_ASSIGNED TASK_. Please write out only the lines from the line with "Esiasennettu sähkösinkitty naula" to the line with "Sport va Futbol", inclusive, exactly as they stand below, without the pictures.

_RECORDS FOR PROCESSING_.
+ + + + +
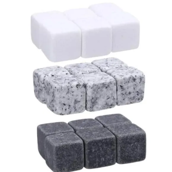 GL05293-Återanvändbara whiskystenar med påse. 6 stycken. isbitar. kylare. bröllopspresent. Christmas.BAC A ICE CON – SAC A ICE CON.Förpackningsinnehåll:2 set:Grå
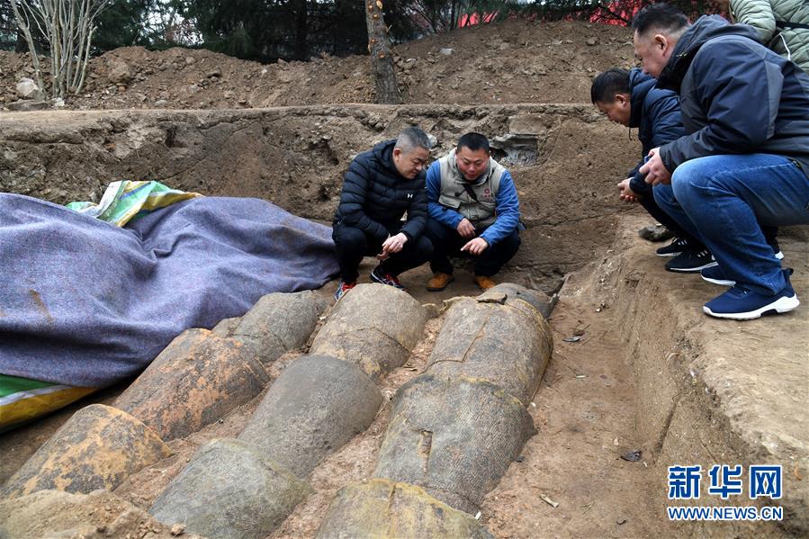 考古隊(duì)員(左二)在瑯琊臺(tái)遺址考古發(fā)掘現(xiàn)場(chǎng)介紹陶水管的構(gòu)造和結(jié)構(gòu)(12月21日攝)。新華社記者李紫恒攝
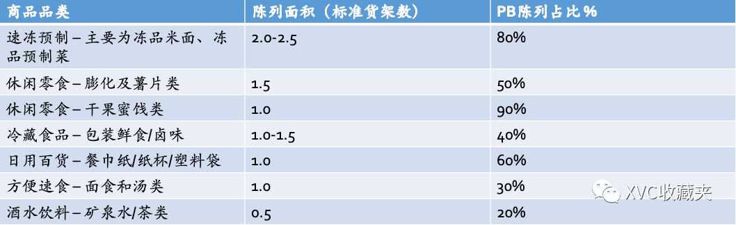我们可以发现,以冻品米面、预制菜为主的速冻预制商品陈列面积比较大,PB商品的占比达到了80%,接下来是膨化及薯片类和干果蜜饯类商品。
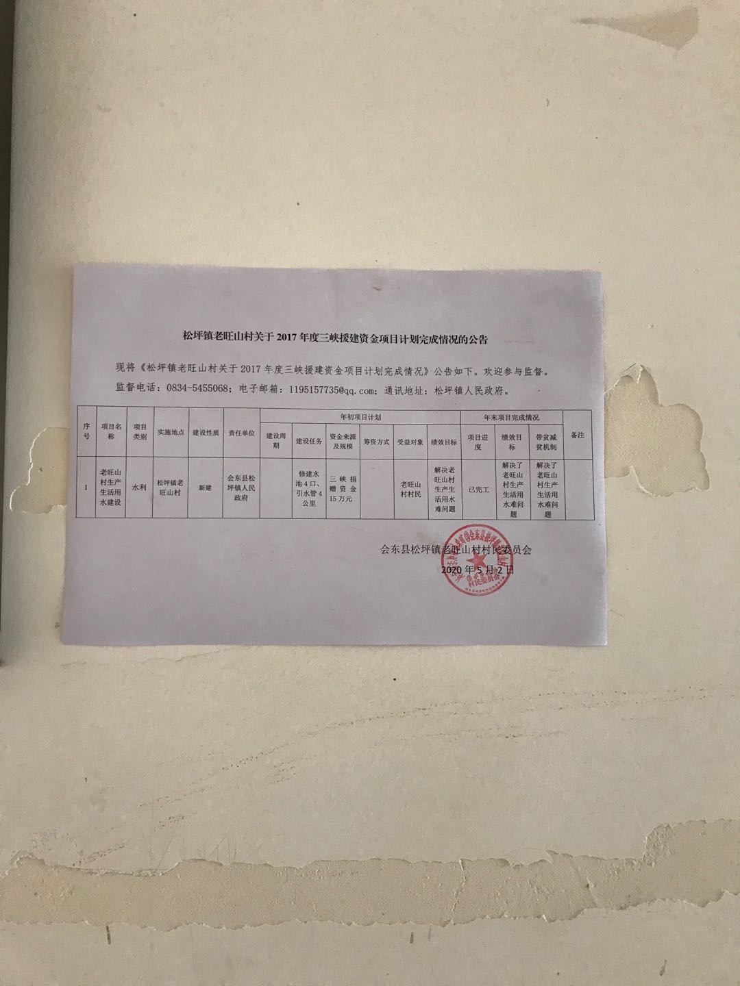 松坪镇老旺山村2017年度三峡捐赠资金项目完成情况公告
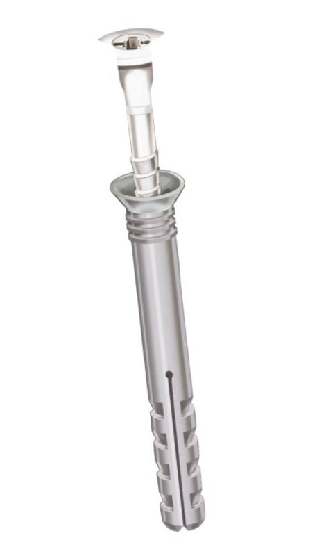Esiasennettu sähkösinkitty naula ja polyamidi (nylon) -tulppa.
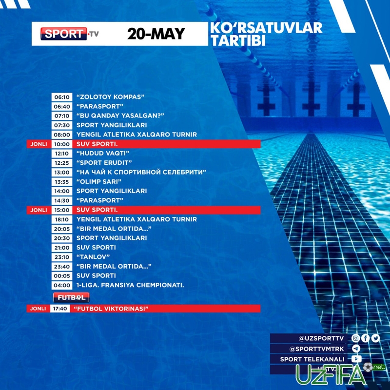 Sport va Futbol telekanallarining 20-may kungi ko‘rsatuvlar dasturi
+ + + + +
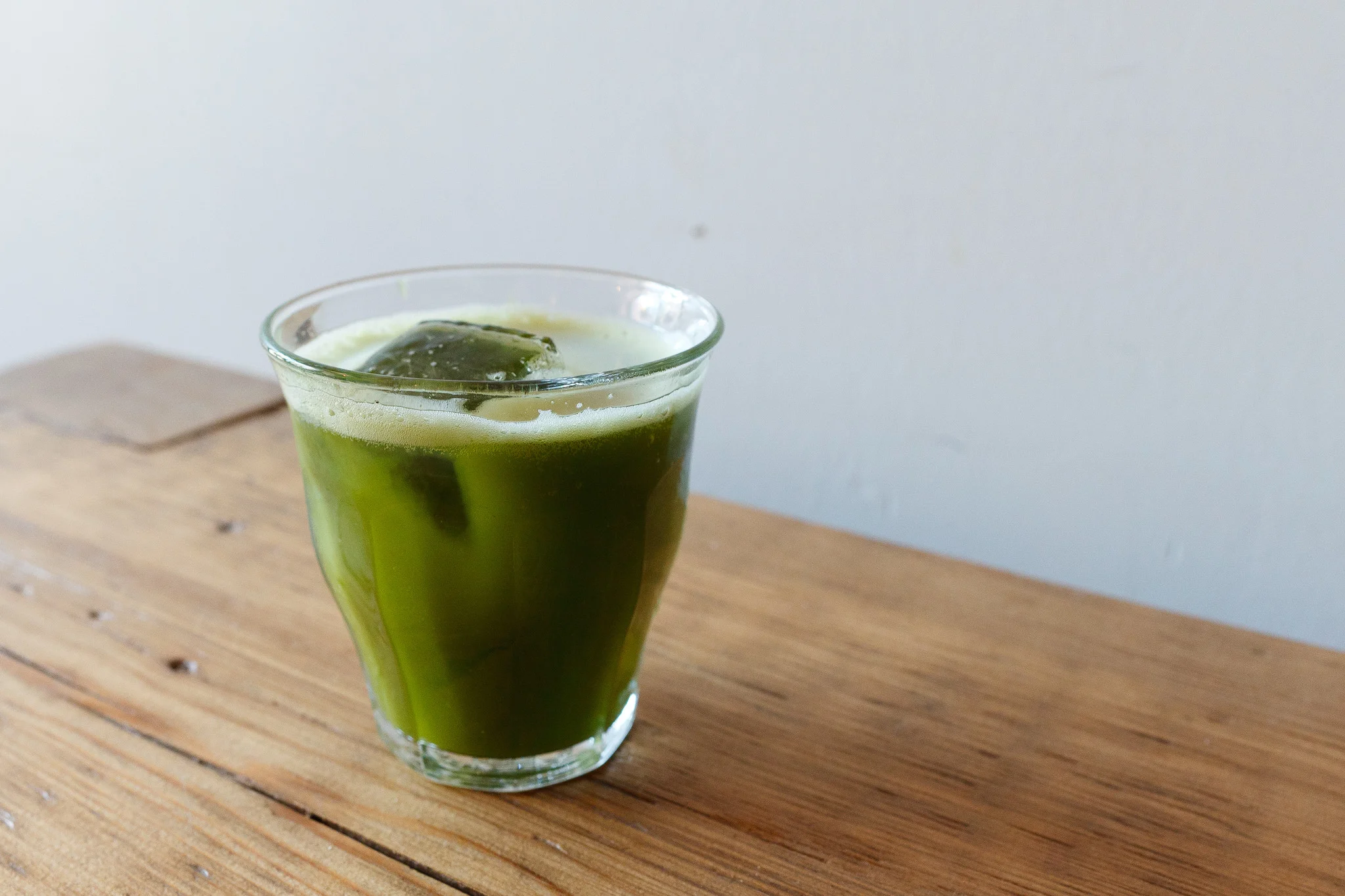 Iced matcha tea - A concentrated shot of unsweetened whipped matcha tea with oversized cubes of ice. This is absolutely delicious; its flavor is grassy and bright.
+ + + + +
_RESPONSE AREA_.
Esiasennettu sähkösinkitty naula ja polyamidi (nylon) -tulppa.
 Sport va Futbol telekanallarining 20-may kungi ko‘rsatuvlar dasturi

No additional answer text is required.